Beneath this sentence is a listing. Return its lines from the one containing "Figure 6 presents" through the last, exactly, and omit the pictures.

▶ **RAW DATA**
----------------------------------------
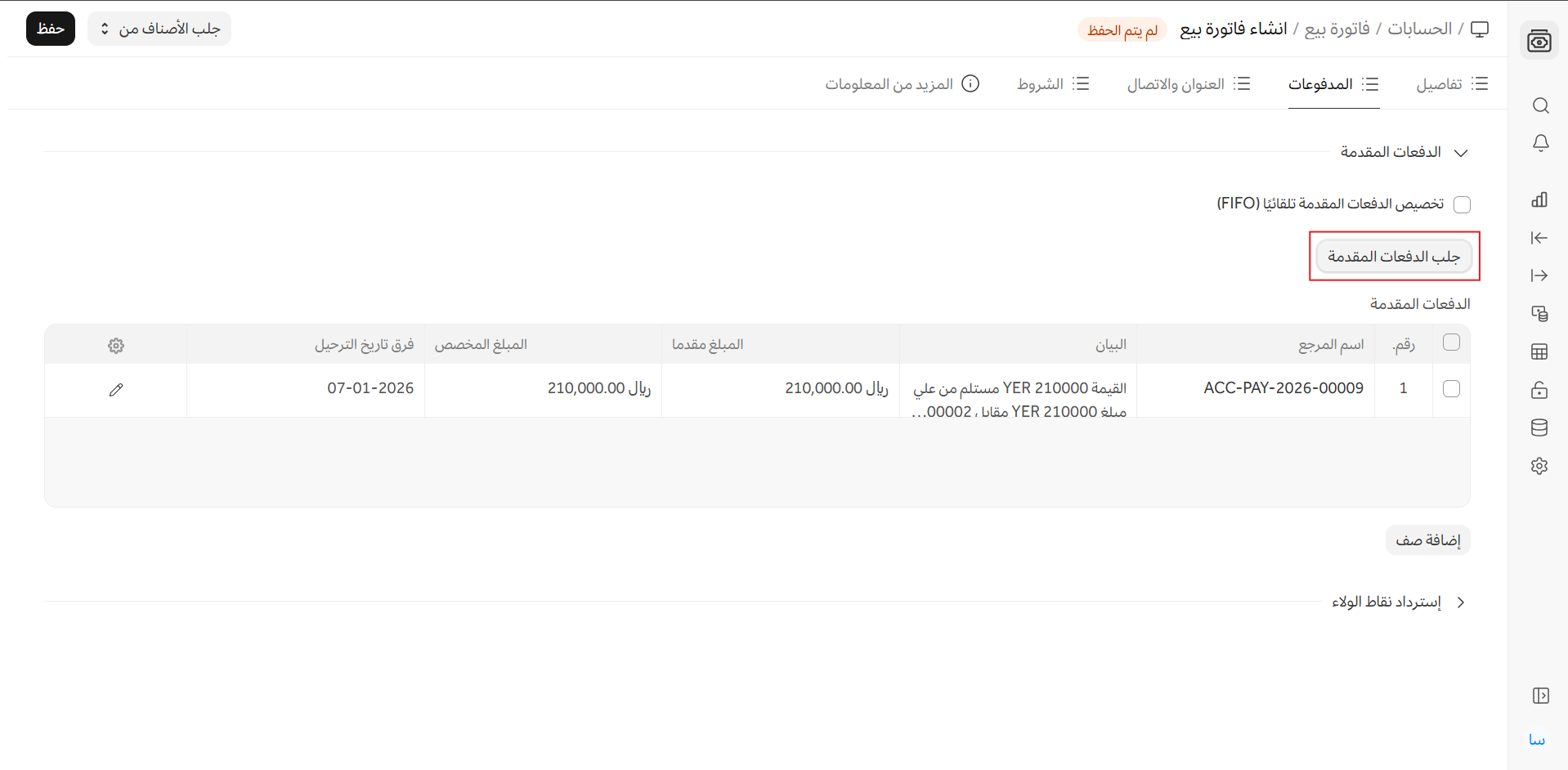 2.2 تخصيص الدفعات المقدمة في الفاتورة
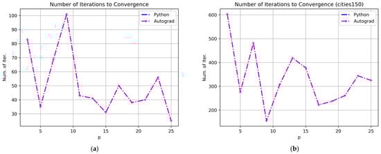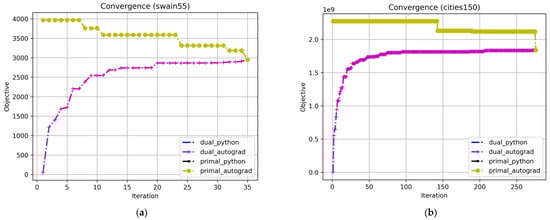 Figure 6 presents the number of iterations it took the algorithm to converge at each  for the two sets of test data. From the Figure 6a, the two versions of Lagrangian algorithms have exactly the same number of iterations at each  for the swain55 dataset. This suggests that the manually computed gradients are exactly the same as the autograd computed values, which verifies the correctness of the autograd-based method again. Figure 6b shows the same result for the cities150 dataset.
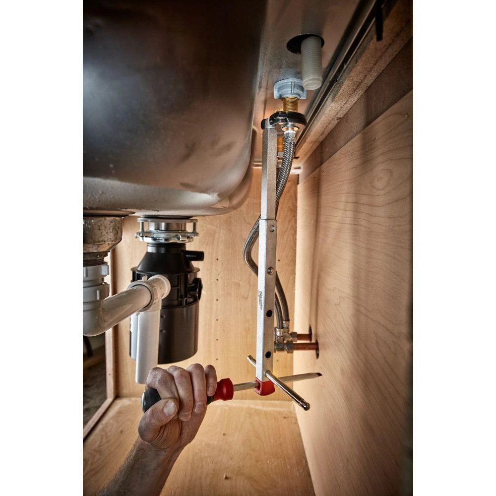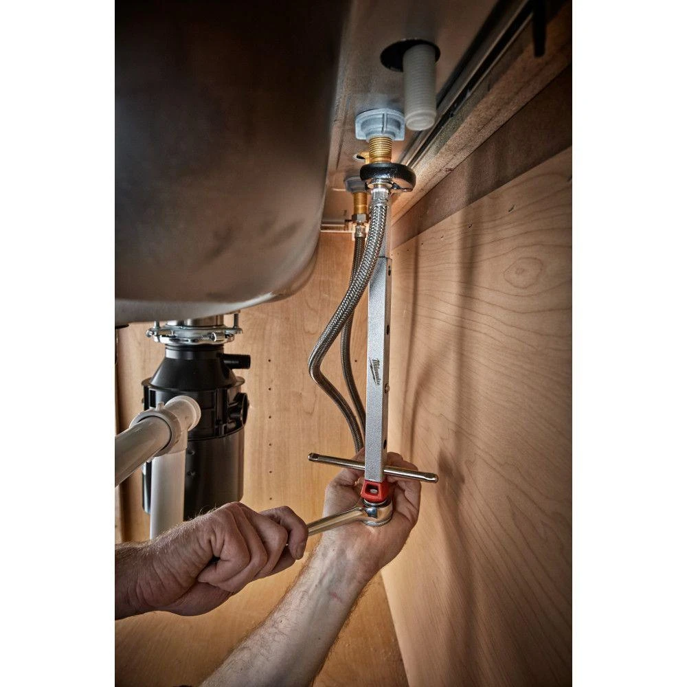 The Milwaukee 1.25 in. Basin Wrench is designed for the industry’s easiest basin swap-out in under sink applications and extremely tight spaces. The Milwaukee Basin Wrench features an ergonomic handle, designed to fit in the palm for maximum efficiency and comfort. A new-to-world ratchet ready and screwdriver ready handle allows for maximum speed and break-away torque for difficult to remove or corroded fasteners. Featuring a forged and hardened jaw with an optimized tooth pattern, the Milwaukee Basin Wrench provides maximum grip and durability. The telescoping handle is designed to allow for easy adjustment between handle lengths.
----------------------------------------
▶ **RESPONSE AREA**
 Figure 6 presents the number of iterations it took the algorithm to converge at each  for the two sets of test data. From the Figure 6a, the two versions of Lagrangian algorithms have exactly the same number of iterations at each  for the swain55 dataset. This suggests that the manually computed gradients are exactly the same as the autograd computed values, which verifies the correctness of the autograd-based method again. Figure 6b shows the same result for the cities150 dataset.
 The Milwaukee 1.25 in. Basin Wrench is designed for the industry’s easiest basin swap-out in under sink applications and extremely tight spaces. The Milwaukee Basin Wrench features an ergonomic handle, designed to fit in the palm for maximum efficiency and comfort. A new-to-world ratchet ready and screwdriver ready handle allows for maximum speed and break-away torque for difficult to remove or corroded fasteners. Featuring a forged and hardened jaw with an optimized tooth pattern, the Milwaukee Basin Wrench provides maximum grip and durability. The telescoping handle is designed to allow for easy adjustment between handle lengths.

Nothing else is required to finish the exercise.